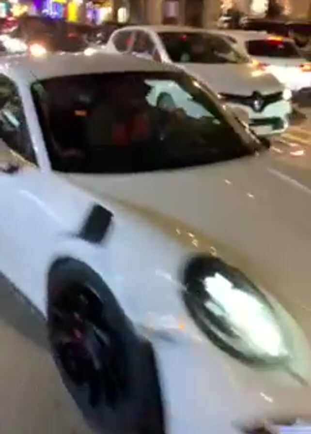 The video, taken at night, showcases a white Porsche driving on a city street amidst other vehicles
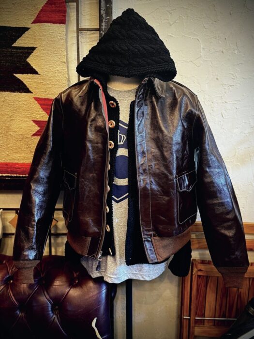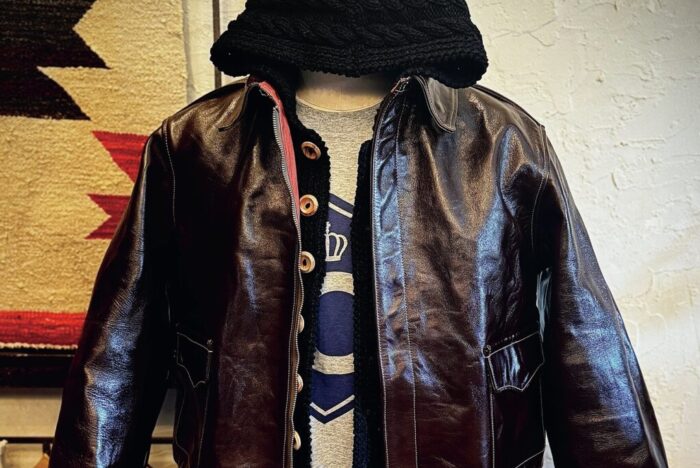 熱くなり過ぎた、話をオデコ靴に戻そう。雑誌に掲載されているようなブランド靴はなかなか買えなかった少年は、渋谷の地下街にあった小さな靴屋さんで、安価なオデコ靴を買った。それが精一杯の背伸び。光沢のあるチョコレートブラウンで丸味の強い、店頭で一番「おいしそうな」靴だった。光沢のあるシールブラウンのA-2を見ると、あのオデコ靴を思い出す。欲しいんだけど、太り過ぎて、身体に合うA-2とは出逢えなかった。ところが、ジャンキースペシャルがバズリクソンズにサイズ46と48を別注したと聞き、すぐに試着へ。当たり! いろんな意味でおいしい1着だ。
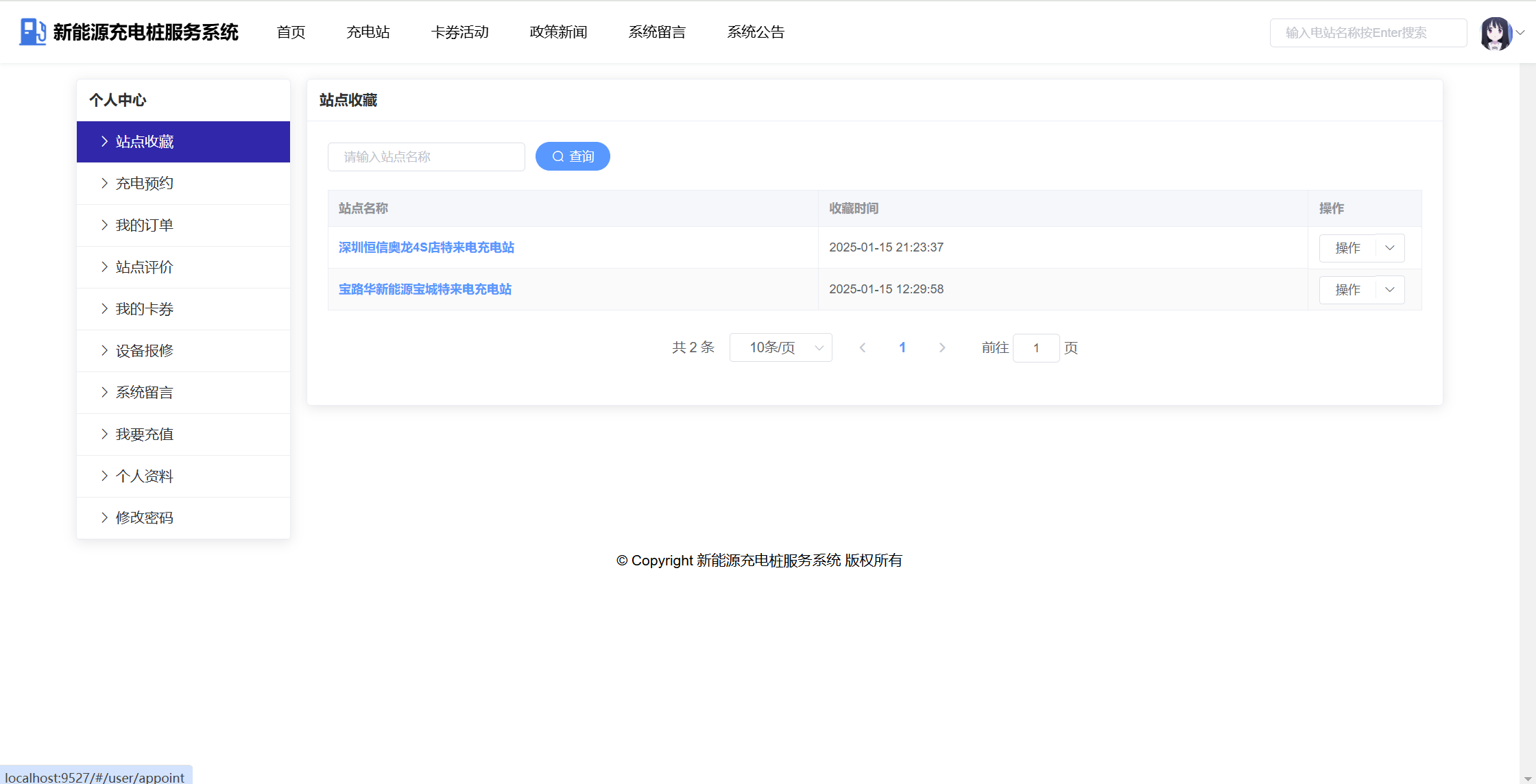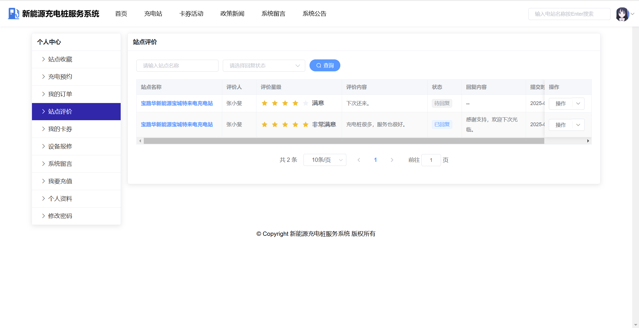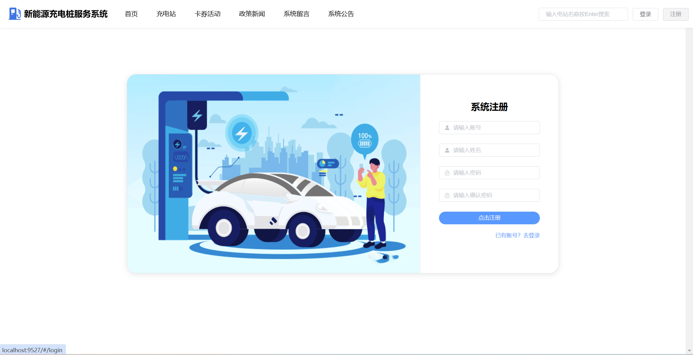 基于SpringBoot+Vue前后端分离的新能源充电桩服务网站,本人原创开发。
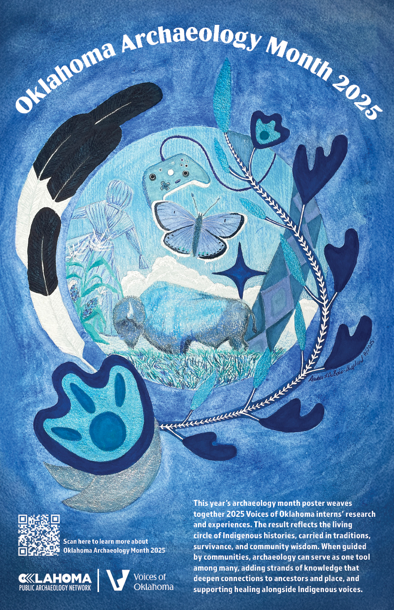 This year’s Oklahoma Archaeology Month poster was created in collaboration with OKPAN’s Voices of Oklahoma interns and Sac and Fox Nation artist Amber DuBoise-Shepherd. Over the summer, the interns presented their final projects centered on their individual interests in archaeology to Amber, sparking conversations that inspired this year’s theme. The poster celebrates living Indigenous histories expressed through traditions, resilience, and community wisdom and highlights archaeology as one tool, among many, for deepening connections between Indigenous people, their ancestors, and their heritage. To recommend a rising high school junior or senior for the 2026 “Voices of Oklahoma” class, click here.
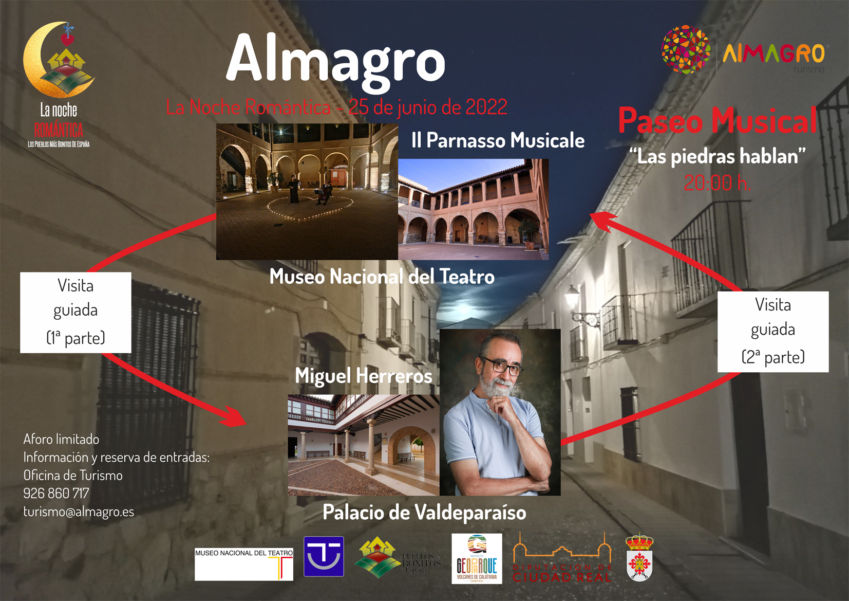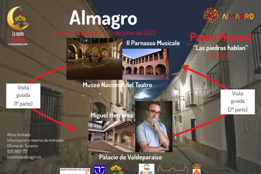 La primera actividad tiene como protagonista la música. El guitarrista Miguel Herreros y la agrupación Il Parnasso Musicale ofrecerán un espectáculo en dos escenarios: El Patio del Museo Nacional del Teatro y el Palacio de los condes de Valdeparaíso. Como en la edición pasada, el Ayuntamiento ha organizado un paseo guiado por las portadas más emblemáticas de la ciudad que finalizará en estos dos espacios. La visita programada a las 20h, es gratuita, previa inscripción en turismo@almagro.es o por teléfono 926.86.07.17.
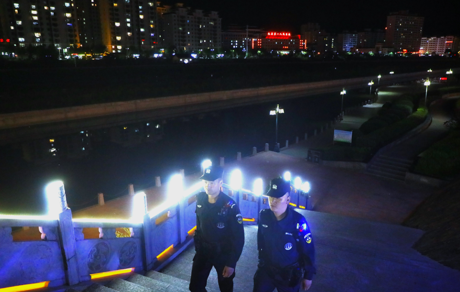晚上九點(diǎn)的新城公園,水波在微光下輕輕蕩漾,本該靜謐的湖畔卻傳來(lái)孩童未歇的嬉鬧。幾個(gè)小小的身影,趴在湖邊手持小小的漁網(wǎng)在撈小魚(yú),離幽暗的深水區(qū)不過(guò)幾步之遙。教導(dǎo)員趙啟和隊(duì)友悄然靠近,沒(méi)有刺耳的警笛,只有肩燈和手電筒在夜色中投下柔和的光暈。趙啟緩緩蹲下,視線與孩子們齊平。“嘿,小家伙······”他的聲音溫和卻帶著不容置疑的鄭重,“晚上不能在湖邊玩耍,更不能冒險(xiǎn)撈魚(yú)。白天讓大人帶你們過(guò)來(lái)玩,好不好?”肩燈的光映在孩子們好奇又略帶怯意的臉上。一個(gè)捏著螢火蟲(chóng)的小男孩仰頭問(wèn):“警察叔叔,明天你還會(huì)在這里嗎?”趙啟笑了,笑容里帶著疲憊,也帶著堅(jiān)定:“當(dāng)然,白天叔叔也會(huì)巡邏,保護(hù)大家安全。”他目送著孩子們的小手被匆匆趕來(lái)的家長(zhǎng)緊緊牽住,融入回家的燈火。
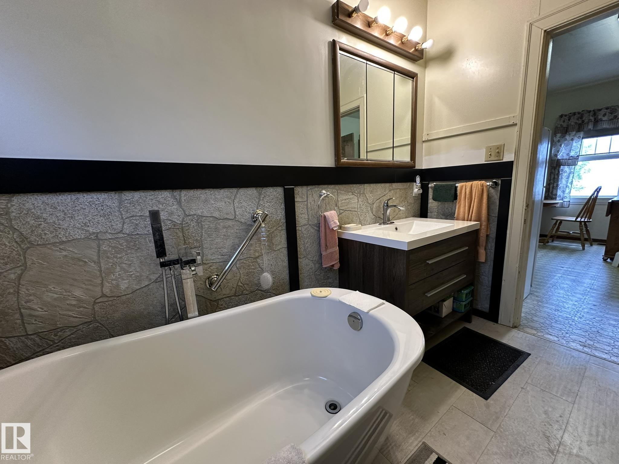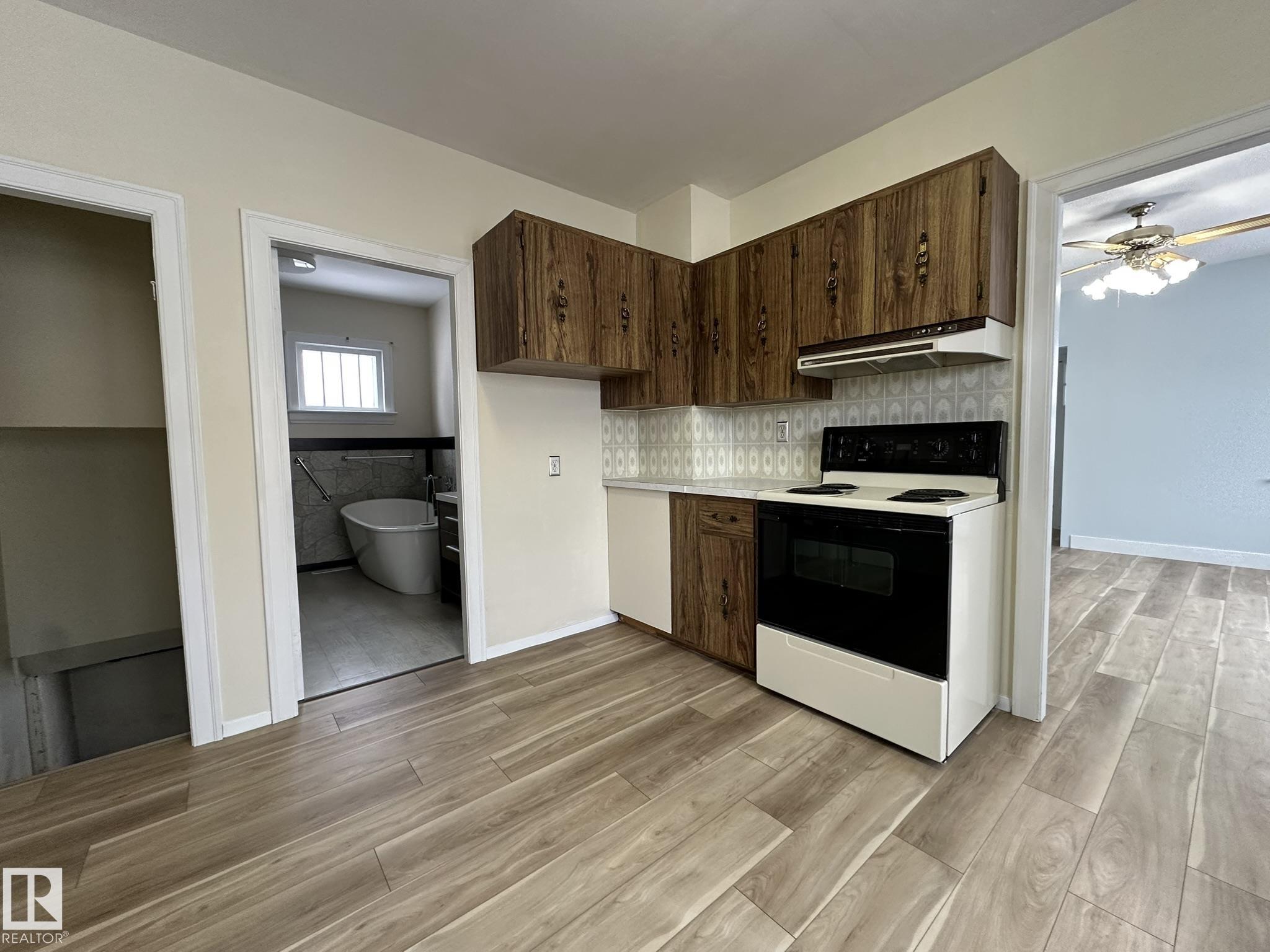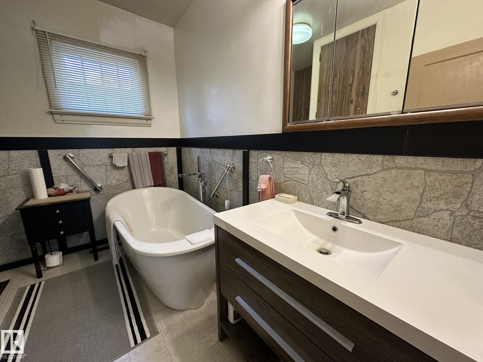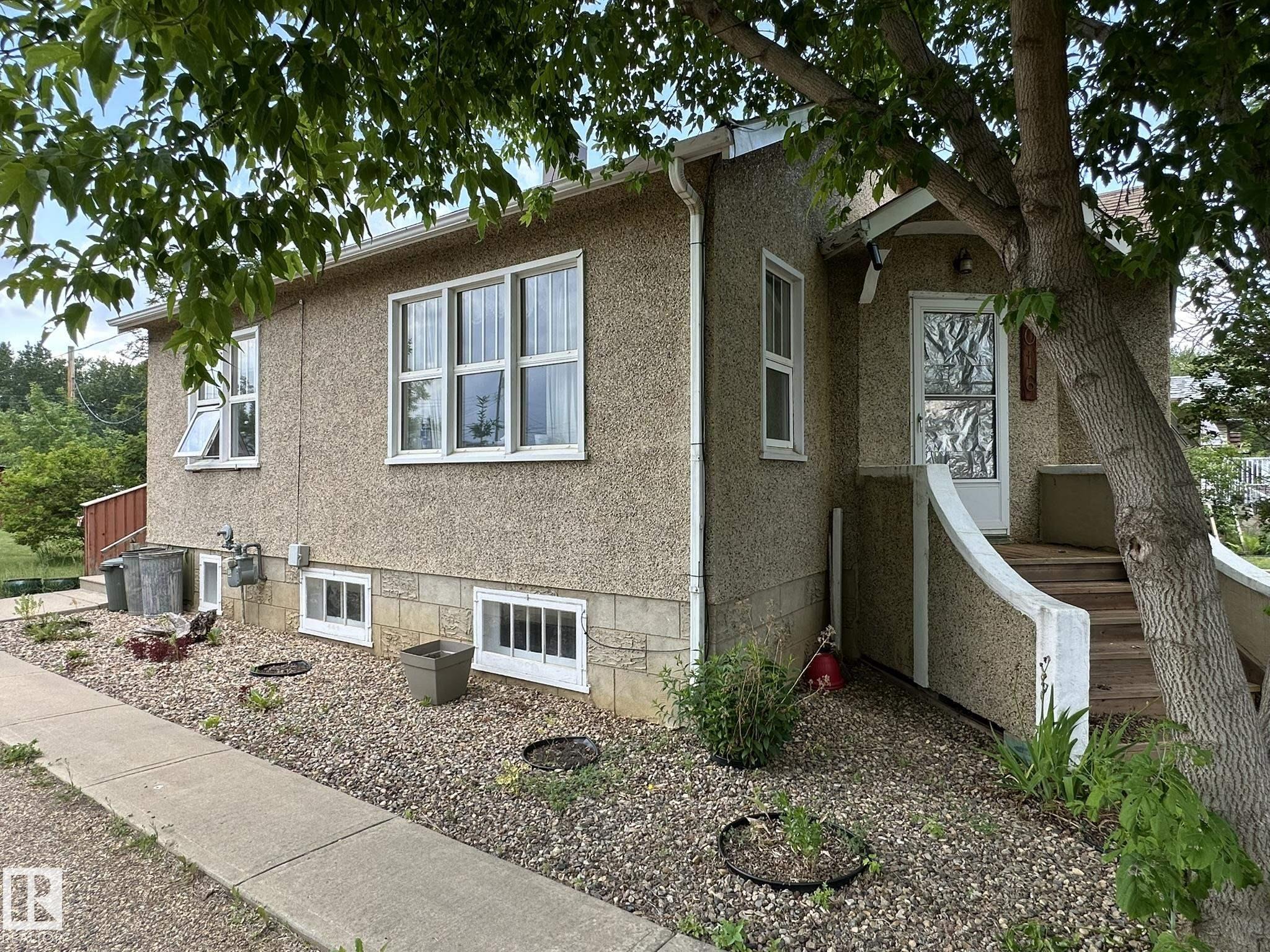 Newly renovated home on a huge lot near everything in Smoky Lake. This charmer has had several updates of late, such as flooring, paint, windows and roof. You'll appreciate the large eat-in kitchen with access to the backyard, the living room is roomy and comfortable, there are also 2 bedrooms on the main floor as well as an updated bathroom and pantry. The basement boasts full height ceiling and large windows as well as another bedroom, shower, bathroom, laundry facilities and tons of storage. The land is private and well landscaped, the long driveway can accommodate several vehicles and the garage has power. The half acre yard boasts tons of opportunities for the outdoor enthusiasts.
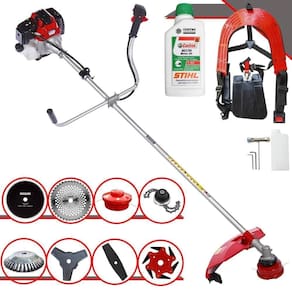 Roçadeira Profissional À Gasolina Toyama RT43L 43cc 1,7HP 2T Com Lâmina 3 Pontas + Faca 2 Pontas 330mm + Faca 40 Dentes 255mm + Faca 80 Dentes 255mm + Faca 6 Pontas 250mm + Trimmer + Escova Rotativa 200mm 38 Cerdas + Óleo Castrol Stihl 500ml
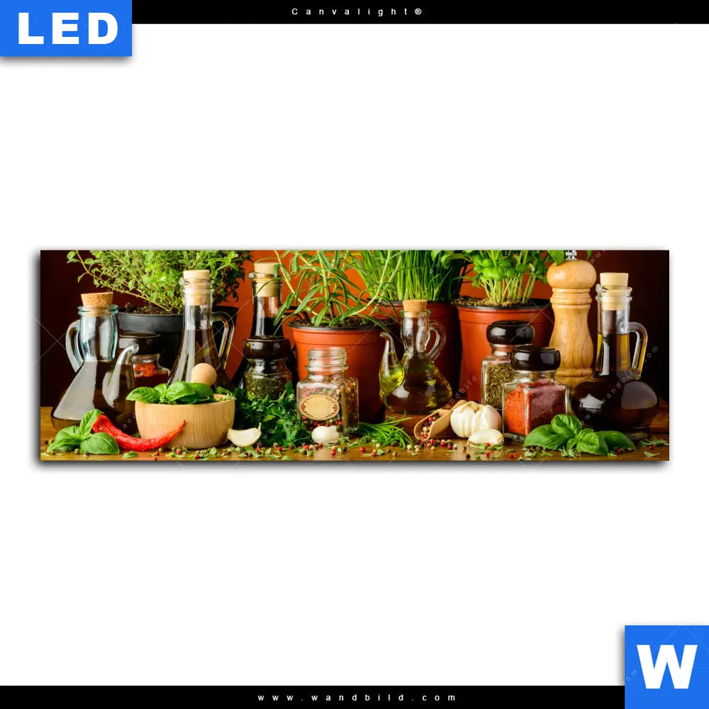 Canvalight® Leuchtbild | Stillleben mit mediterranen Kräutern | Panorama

--------------------

Give back exactly the lines from the top of the records to the line containing "基于SpringBoot+V", both included, and no pictures.

 The video, taken at night, showcases a white Porsche driving on a city street amidst other vehicles
 熱くなり過ぎた、話をオデコ靴に戻そう。雑誌に掲載されているようなブランド靴はなかなか買えなかった少年は、渋谷の地下街にあった小さな靴屋さんで、安価なオデコ靴を買った。それが精一杯の背伸び。光沢のあるチョコレートブラウンで丸味の強い、店頭で一番「おいしそうな」靴だった。光沢のあるシールブラウンのA-2を見ると、あのオデコ靴を思い出す。欲しいんだけど、太り過ぎて、身体に合うA-2とは出逢えなかった。ところが、ジャンキースペシャルがバズリクソンズにサイズ46と48を別注したと聞き、すぐに試着へ。当たり! いろんな意味でおいしい1着だ。
 基于SpringBoot+Vue前后端分离的新能源充电桩服务网站,本人原创开发。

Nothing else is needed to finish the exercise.